*** Opening of DATA EXCERPT ***

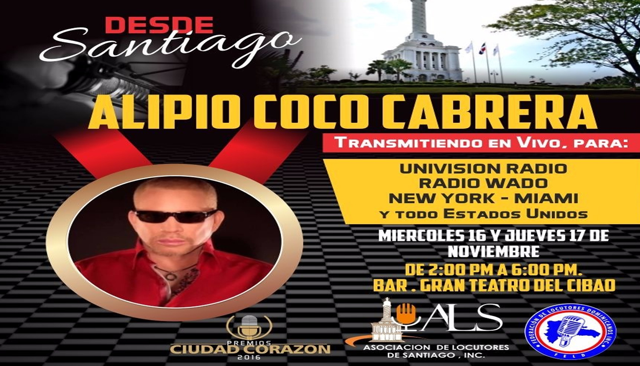 El reconocido locutor dominicano radicado en la ciudad de Nueva York, Alipio Cocco Cabrera, con motivo a la celebración de los Premios Ciudad Corazón, realizará la transmisión en vivo desde el Bar del Gran Teatro del Cibao, de su popular programa El Palo con Cocco, el cual se transmite por Radio Wado 1280 Am para toda la unión americana, teniendo gran incidencia en Nueva York, Nueva Jersey, Miami, Boston, Pensilvania y otras grandes ciudades de mucha concentración de hispanos.
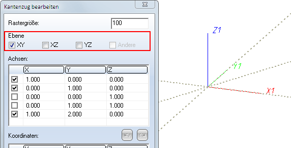 In HiCAD 2013 haben Sie die Möglichkeit, Achsen ein- bzw. auszuschalten, die in Ebenen liegen, die von den Achsen des aktiven Koordinatensystems aufgespannt werden.
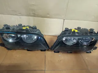 Juego de faros delanteros para BMW Serie 3 E46. Para reparar o para despiece. Usados sin comprobar. Faros incompletos a falta de tapas y algun soporte de luces. Restos de pintura en uno de los faros. Marcas de humedad en el interior de uno de los faros. Uno de los conectores tiene algun tipo de parta en su interior. Referencias 0301089275 y 0301089276
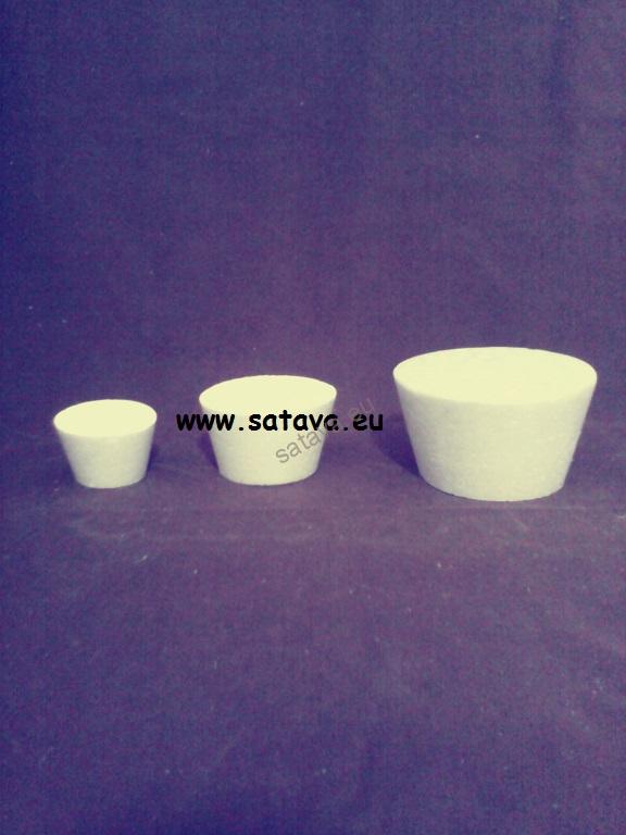Mufina bez kopečku - z bílého polystyrenu. Spodní průměr cca 3,5 - 4 cm, vrchní průměr cca 5,5 - 6 cm, výška cca 3,5 cm. Na obrázku první zleva nebo třetí zprava.

*** Close of DATA EXCERPT ***

* _EXERCISE OBJECTIVE_
Each line above should be output exactly, apart from the pictures.

* _RESULT OF THIS EXERCISE_
 El reconocido locutor dominicano radicado en la ciudad de Nueva York, Alipio Cocco Cabrera, con motivo a la celebración de los Premios Ciudad Corazón, realizará la transmisión en vivo desde el Bar del Gran Teatro del Cibao, de su popular programa El Palo con Cocco, el cual se transmite por Radio Wado 1280 Am para toda la unión americana, teniendo gran incidencia en Nueva York, Nueva Jersey, Miami, Boston, Pensilvania y otras grandes ciudades de mucha concentración de hispanos.
 In HiCAD 2013 haben Sie die Möglichkeit, Achsen ein- bzw. auszuschalten, die in Ebenen liegen, die von den Achsen des aktiven Koordinatensystems aufgespannt werden.
 Juego de faros delanteros para BMW Serie 3 E46. Para reparar o para despiece. Usados sin comprobar. Faros incompletos a falta de tapas y algun soporte de luces. Restos de pintura en uno de los faros. Marcas de humedad en el interior de uno de los faros. Uno de los conectores tiene algun tipo de parta en su interior. Referencias 0301089275 y 0301089276
Mufina bez kopečku - z bílého polystyrenu. Spodní průměr cca 3,5 - 4 cm, vrchní průměr cca 5,5 - 6 cm, výška cca 3,5 cm. Na obrázku první zleva nebo třetí zprava.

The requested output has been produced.